Posted to user@cassandra.apache.org by Kevin <th...@gmail.com> on 2011/03/11 07:43:03 UTC

Secondary indices: Why low cardinality?

There's pretty limited information on Cassandra's built-in secondary index
facility as is, but trying to find out why the secondary index has to have
low cardinality has been like finding a needle in a haystack..that is
floating somewhere in the Atlantic.

 

Can someone explain why low cardinality is advised for the secondary index?
Has this been confirmed by anyone else besides DataStax?

 


Re: Secondary indices: Why low cardinality?

Posted by Robert Coli <rc...@digg.com>.
On Thu, Mar 10, 2011 at 10:43 PM, Kevin <th...@gmail.com> wrote:
>
> Can someone explain why low cardinality is advised for the secondary index?

The brief answer to your question is "because it is a local secondary index."

https://issues.apache.org/jira/browse/CASSANDRA-749

Has a pretty thorough discussion of why local secondary indexes were
chosen for the initial secondary index implementation.
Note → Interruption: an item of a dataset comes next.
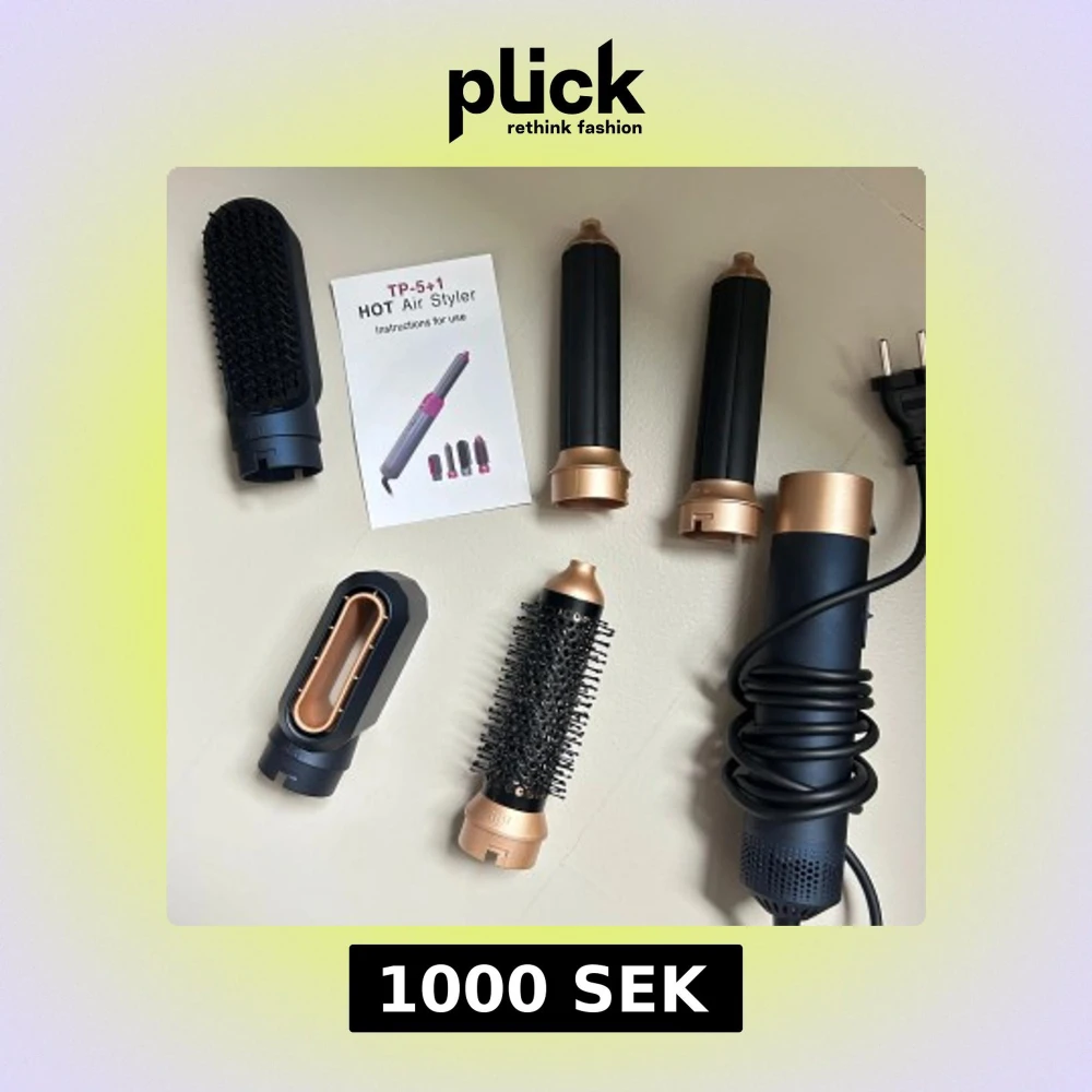 Säljer en mångsidig varmluftsborste med flera utbytbara tillbehör för olika stylingbehov. Setet inkluderar olika borstar och munstycken, allt förpackat i ett elegant blått fodral. Perfekt för att skapa volym och lockar med enkelhet.
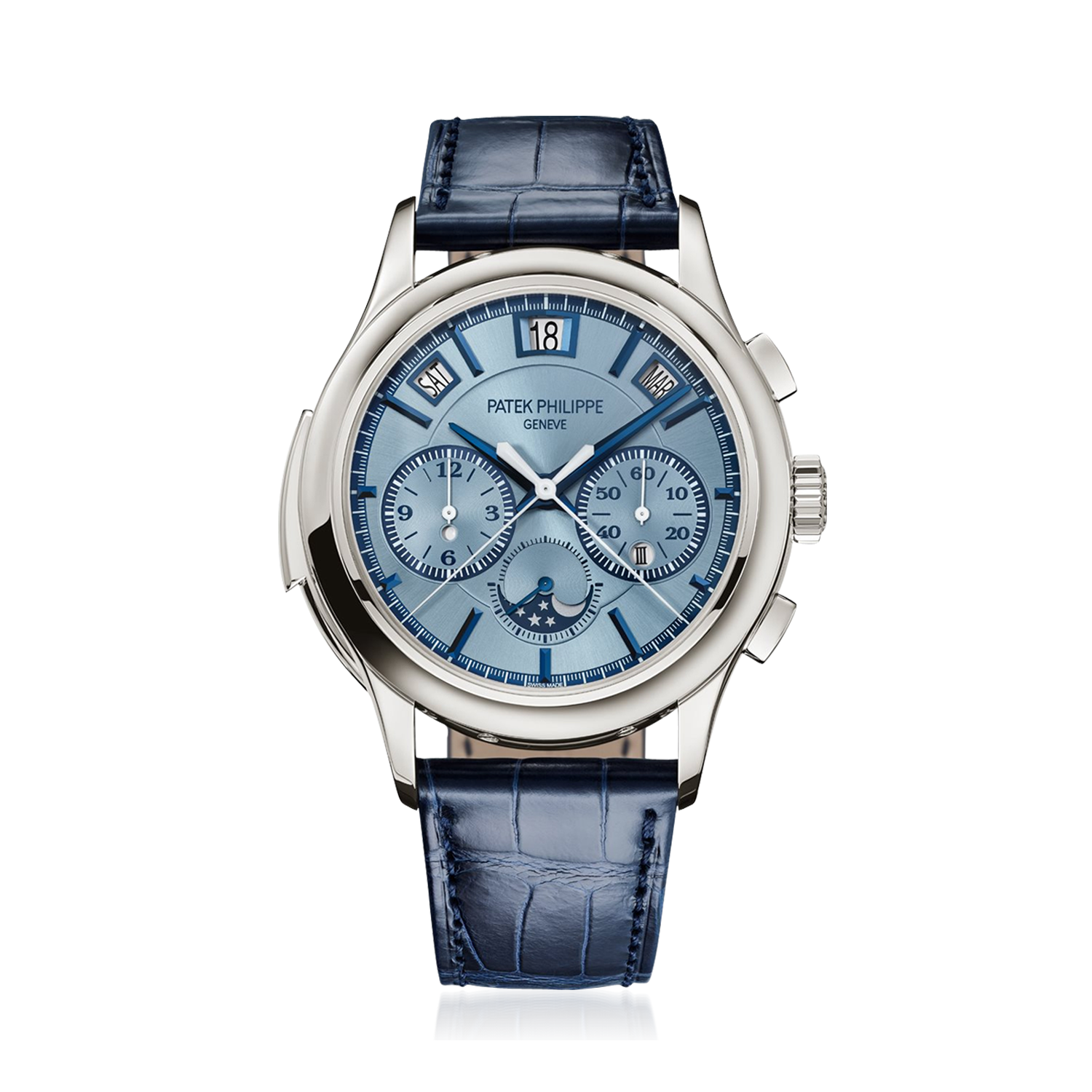Diâmetro: 32 mm. Espessura: 12,28 mm. Número de peças: 799. Número de rubis: 67. Reserva de marcha com o cronógrafo desativado: mín. 38 horas - max. 48 horas. Rotor de corda: mini-rotor descentrado em platina. Gyromax®. Frequência: 21.600 semi-oscilações/hora (3 Hz). Mola de balanço: Spiromax®. Sinal distintivo: Selo Patek Philippe.

https://issues.apache.org/jira/browse/CASSANDRA-749?focusedCommentId=12858175&page=com.atlassian.jira.plugin.system.issuetabpanels:comment-tabpanel#comment-12858175
" (quoting Stu Hood)
I think we agree that both approaches have their merits. The vast
difference between their best use cases needs to be considered as we
decide on a query API. In particular:

Local indexes are better for:

    * Low cardinality fields
    * Filtering of values in base order

Distributed indexes are better for:

    * High cardinality fields
    * Querying of values in index order
"

=Rob